For investors planning pipeline, the implication is that secondary coastal destinations now warrant first-tier diligence. The midscale and lifestyle segments look best placed to capture diversified demand. Branded budget chains can absorb the international leisure flow that secondary airports are bringing in, while lifestyle and upper-midscale brands can serve the residential and longer-stay traveller mix that property data suggests is widening. Conversion of older independent stock, particularly in coastal towns with valid tourist licences in place, is another route into supply-constrained sub-markets.
Headwinds and what to watch
Two regulatory shifts will shape the picture into 2026. Spain abolished its Golden Visa scheme in April 2025, removing one channel of non-EU buyer activity, although the residential investment volume to date suggests the impact on coastal property demand has been limited.
More significant for the hotel sector is the tightening of short-term rental rules.
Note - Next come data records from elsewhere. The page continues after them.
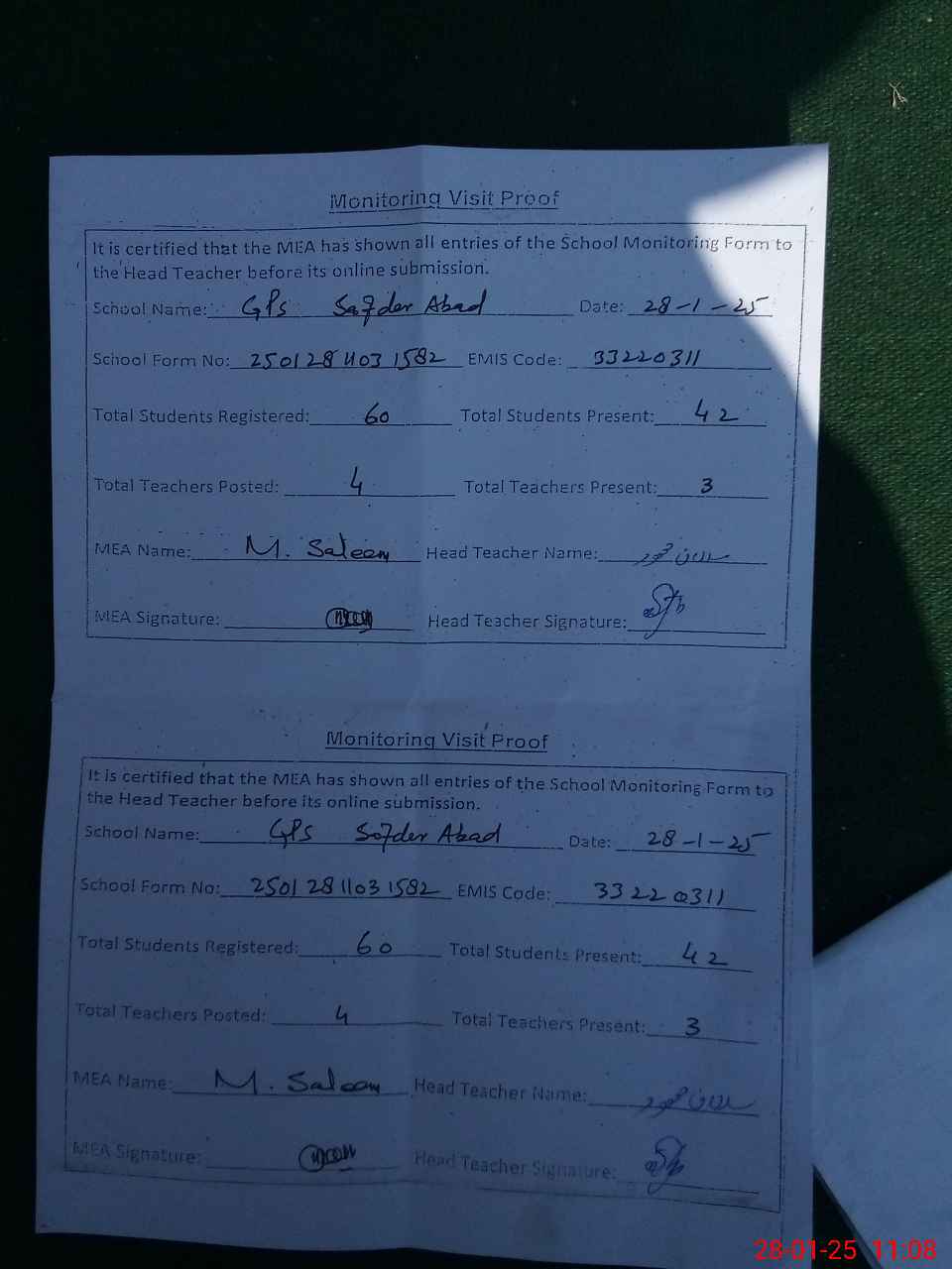| EMIS Code: 33220311 | Name of School: GPS SAFDAR ABAD | |||
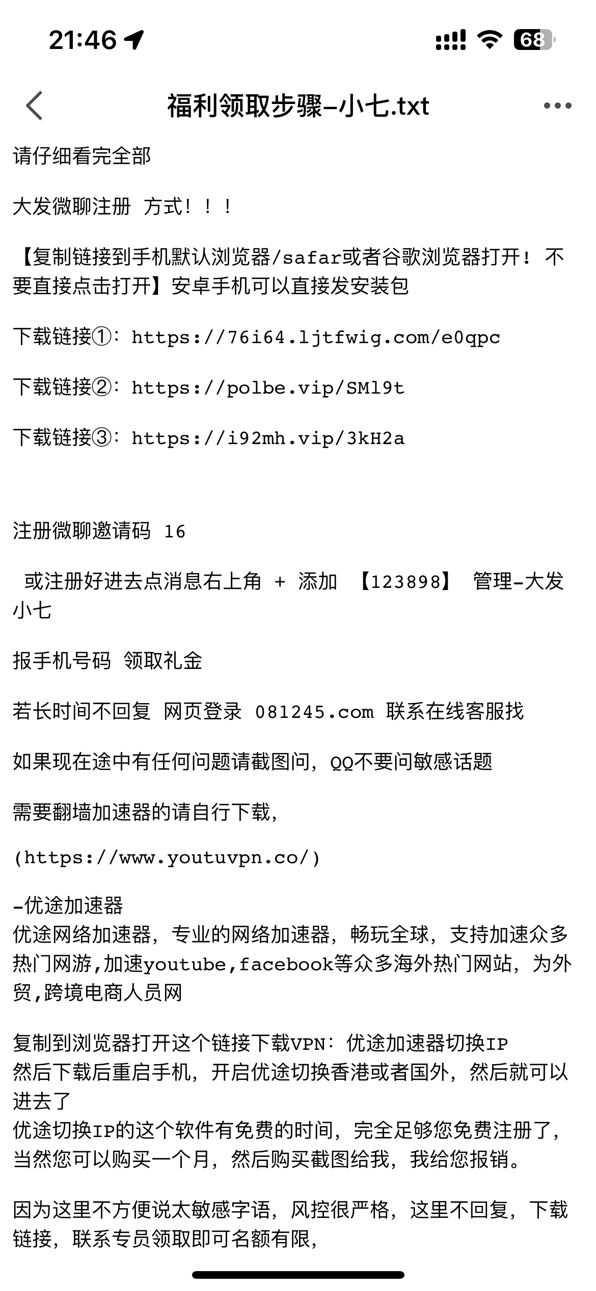 【复制链接到手机默认浏览器/safar或者谷歌浏览器打开! 不要直接点击打开】安卓手机可以直接发安装包
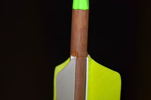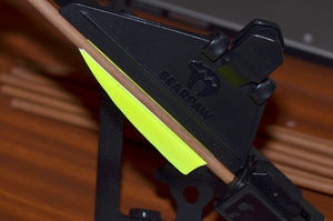 | Plaatsing in helical (bekeken vanuit de nok) (1°-3°) | Frontaal deel van de veer naar links t.o.v. midden van de schacht. Gebruik enkel de fletching jig waar LH op staat. | Frontaal deel van de veer naar rechts t.o.v. midden van de schacht. Gebruik enkel de fletching jig waar RH op staat. |
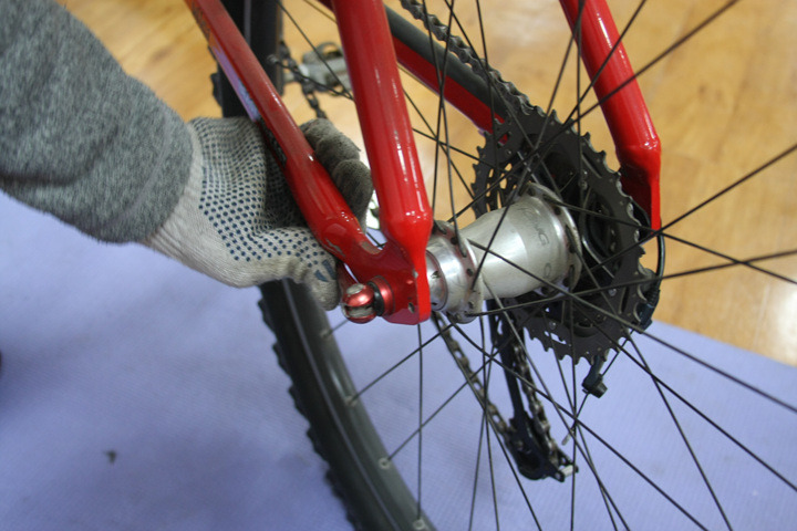 가장 먼저 해야 할 것은 펑크 난 바퀴를 자전거 몸체(프레임)에서 떼어내는 것이다. 바퀴를 분리하지 않고 튜브만 꺼내서 구멍 난 부분을 찾아서 펑크패치만 하는 방법도 있지만 QR레버로 된 자전거 바퀴는 탈거 해서 튜브를 교환하는 것이 빠르고 정확하다.
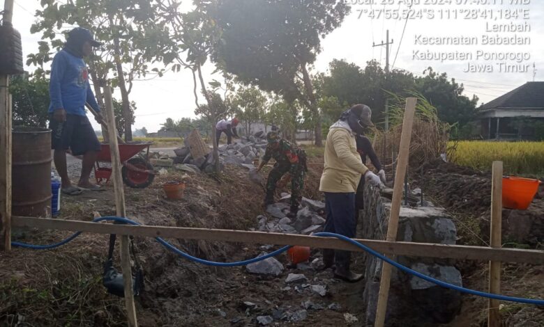 Bangun Insfrastuktur Desa, Babinsa Kodim 0802/Ponorogo Bantu Warga Buat Talud

Nationally, overnight stays in rented dwellings fell 9.3% in December 2025 even as hotel stays rose 7.3%, according to INE. The displacement effect is already visible. As communities vote on holiday-let restrictions and licensing tightens, the relative attractiveness of professionally operated hotel accommodation in secondary coastal markets is likely to strengthen further.
Spain’s hotel sector enters 2026 with broad-based demand, supportive connectivity and a regulatory environment that increasingly favours regulated accommodation over informal supply. The investment opportunity is no longer principally about the headline resorts. It is about the costas one step beyond them, where arrivals growth is fastest, capacity has further to run and the residential market is already pointing the way.